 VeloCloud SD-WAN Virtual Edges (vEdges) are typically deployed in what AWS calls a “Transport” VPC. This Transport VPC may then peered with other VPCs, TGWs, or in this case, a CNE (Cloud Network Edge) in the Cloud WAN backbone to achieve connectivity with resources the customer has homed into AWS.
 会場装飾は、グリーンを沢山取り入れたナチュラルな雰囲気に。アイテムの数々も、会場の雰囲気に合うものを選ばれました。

--

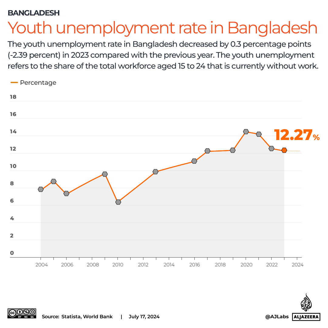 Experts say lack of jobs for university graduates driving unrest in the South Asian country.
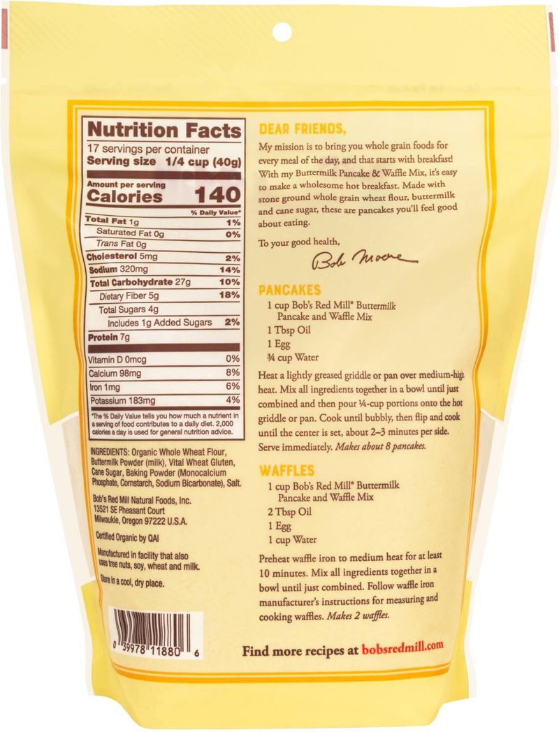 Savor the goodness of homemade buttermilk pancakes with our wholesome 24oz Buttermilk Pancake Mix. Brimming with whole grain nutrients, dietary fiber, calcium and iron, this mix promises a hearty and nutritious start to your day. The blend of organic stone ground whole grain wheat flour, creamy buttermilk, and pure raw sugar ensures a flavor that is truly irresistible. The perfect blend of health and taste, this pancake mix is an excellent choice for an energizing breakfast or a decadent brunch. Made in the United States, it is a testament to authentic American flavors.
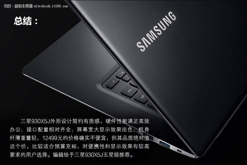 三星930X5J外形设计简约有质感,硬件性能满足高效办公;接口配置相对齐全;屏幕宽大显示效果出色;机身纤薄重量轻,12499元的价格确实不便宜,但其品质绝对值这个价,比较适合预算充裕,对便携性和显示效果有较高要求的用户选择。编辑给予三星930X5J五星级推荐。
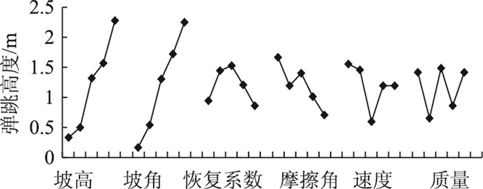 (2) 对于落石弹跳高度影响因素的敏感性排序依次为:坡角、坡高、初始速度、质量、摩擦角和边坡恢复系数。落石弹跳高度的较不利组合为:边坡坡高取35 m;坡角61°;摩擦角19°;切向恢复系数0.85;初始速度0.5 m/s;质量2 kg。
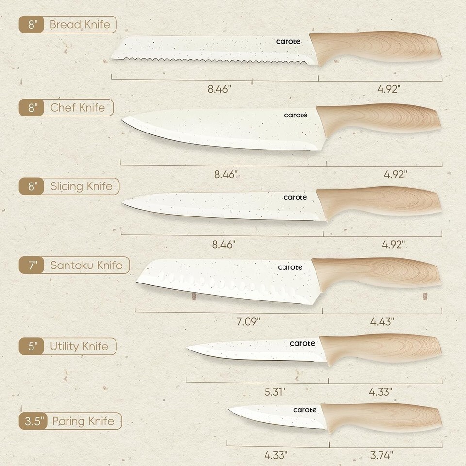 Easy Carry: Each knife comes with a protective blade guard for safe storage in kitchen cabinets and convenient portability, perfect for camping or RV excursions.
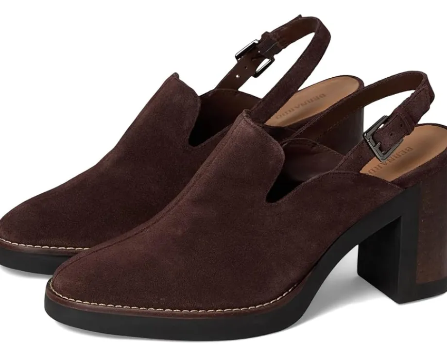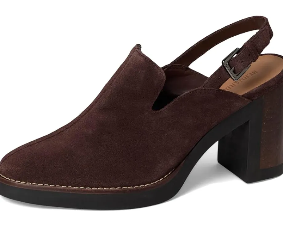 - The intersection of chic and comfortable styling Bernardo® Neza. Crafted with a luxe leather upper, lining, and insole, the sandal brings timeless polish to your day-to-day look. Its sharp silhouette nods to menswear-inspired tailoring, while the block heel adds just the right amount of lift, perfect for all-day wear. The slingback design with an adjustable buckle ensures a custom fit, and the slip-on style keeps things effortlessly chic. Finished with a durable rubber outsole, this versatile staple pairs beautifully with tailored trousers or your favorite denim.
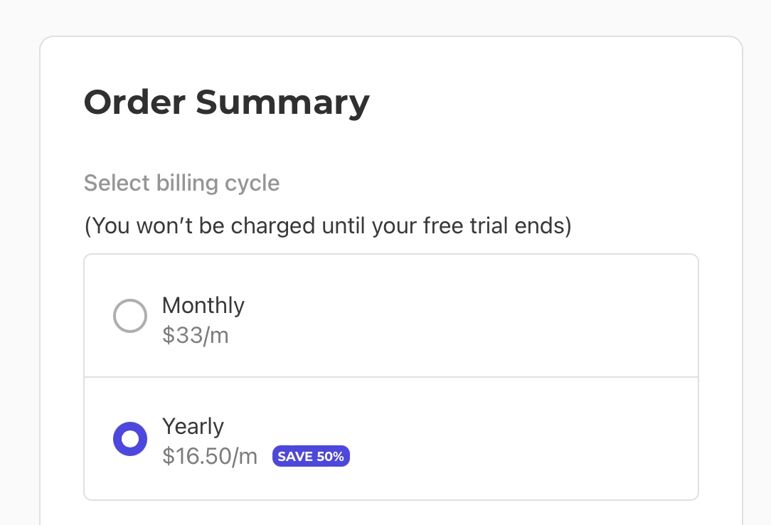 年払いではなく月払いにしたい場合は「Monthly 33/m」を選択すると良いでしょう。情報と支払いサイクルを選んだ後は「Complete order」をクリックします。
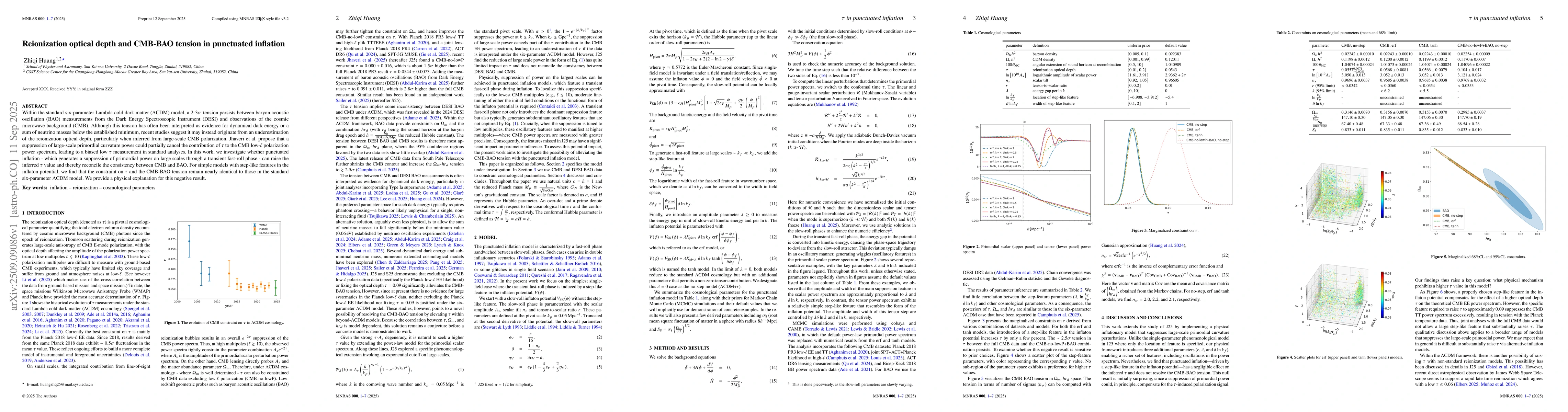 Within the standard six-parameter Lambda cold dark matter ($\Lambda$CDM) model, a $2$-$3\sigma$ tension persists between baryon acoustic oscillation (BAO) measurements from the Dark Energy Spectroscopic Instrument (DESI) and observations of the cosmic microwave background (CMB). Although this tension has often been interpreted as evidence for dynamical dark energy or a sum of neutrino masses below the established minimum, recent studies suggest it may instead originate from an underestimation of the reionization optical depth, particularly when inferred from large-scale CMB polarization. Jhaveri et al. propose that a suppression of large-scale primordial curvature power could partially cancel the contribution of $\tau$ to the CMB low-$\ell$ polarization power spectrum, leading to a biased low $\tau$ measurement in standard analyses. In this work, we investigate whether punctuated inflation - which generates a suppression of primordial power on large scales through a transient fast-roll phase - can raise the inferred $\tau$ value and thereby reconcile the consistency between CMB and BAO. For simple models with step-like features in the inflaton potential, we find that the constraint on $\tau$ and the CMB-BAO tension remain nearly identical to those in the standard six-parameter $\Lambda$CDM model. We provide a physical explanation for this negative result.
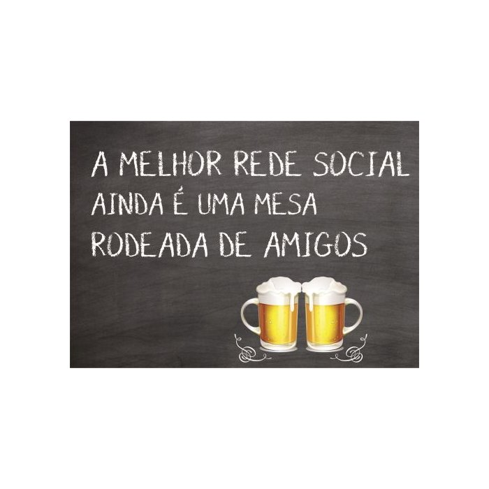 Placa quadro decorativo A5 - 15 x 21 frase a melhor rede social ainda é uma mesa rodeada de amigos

---

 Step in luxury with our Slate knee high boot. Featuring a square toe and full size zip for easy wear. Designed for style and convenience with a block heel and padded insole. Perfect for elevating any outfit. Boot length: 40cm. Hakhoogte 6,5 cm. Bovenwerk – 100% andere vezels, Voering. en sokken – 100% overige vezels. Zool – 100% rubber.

▶ _Work item_:
Reproduce the lines above beginning at the line that contains "m;坡角61°;摩擦角19°;切向恢复系数0.85;初始速度0.5 m/s;质量2 kg。" and ending at the line that contains "Easy Carry: Each". No pictures.

▶ _Task response_:
 (2) 对于落石弹跳高度影响因素的敏感性排序依次为:坡角、坡高、初始速度、质量、摩擦角和边坡恢复系数。落石弹跳高度的较不利组合为:边坡坡高取35 m;坡角61°;摩擦角19°;切向恢复系数0.85;初始速度0.5 m/s;质量2 kg。
 Easy Carry: Each knife comes with a protective blade guard for safe storage in kitchen cabinets and convenient portability, perfect for camping or RV excursions.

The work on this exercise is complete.